Sunday, April 19, 2015

Progress ...


Well, this has been a great week both food and workout-wise ... The pre-planning and prepping of meals and general food on Sunday's is so beneficial for me. Makes the choices and the balance of nutrition so much easier.  The L-B's are coming off I am already feeling better and stronger. We will see what the doc and test results say in 6 weeks!!!!  

I am still working on carving out time for regular yoga and daily meditation. Fortunately Sparky wants to start practicing yoga so we are going to start going together in the next few weeks and am also attending to a meditation workshop next weekend.  All is a process but am looking forward to both as well as dedicating the time to reap the benefits that both offer. 

Half ironman training officially starts tomorrow ... Ack!  We will see if the mojo and urge to do a full ironman happens in the process.  As of now I am excited for the training and for the event, so that is a good thing.  If so, great ... If not all good and shorter distances it will be.  Decision will be made on August 23rd, just after the race is over.  

Looking forward to next week week and all that is coming.

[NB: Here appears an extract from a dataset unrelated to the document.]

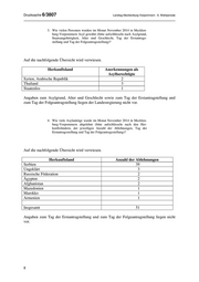 Drucksache 6/3807 Landtag Mecklenburg-Vorpommern - 6. Wahlperiode 3. Wie vielen Personen wurden im Monat November 2014 in Mecklen- burg-Vorpommern Asyl gewährt (bitte aufschlüsseln nach Asylgrund, Staatsangehörigkeit, Alter und Geschlecht, Tag der Erstantrags- stellung und Tag der Folgeantragsstellung)? Auf die nachfolgende Übersicht wird verwiesen. Herkunftsland Anerkennungen als Asylberechtigte Syrien, Arabische Republik 2 Thailand 3 Staatenlos 1 Angaben zum Asylgrund, Alter und Geschlecht sowie zum Tag der Erstantragstellung und zum Tag der Folgeantragstellung liegen der Landesregierung nicht vor. 4. Wie viele Asylanträge wurde im Monat November 2014 in Mecklen- burg-Vorpommern abgelehnt (bitte aufschlüsseln nach den Her- kunftsländern, der jeweiligen Anzahl der Ablehnungen, Tag der Erstantragsstellung und Tag der Folgeantragsstellung)? Auf die nachfolgende Übersicht wird verwiesen. Herkunftsland Anzahl der Ablehnungen Serbien 39 Ungeklärt 3 Russische Föderation 2 Ägypten 2 Afghanistan 2 Mazedonien 1 Marokko 1 Armenien 1 Insgesamt 51 Angaben zum Tag der Erstantragstellung und zum Tag der Folgeantragstellung liegen nicht vor. 8

I have Thursday off so I'm able to attend a luncheon with a friend to see professional motivational speaker and one of my friends from HS, Christi Andringa. So looking
 forward to seeing her in her element as well soaking up some of the energy that she will give to the room!!!  

Well, Off to eat dinner, then get this little missy to bed. I am beat. I hope you have all had a wonderful weekend and make the most of the week ahead and as always remember, life is short, live it, love it and be kind to one another. I'll be back next week!  

I do have to give a special shout out to two people ... One of my dearest friends in the whole world, Terri,  had a birthday yesterday! She is a remarkable, giving and beautiful person both inside and out and I am lucky to have her in my life!  Here is a photo from our first half ironman that we participated in together. Love this photo ...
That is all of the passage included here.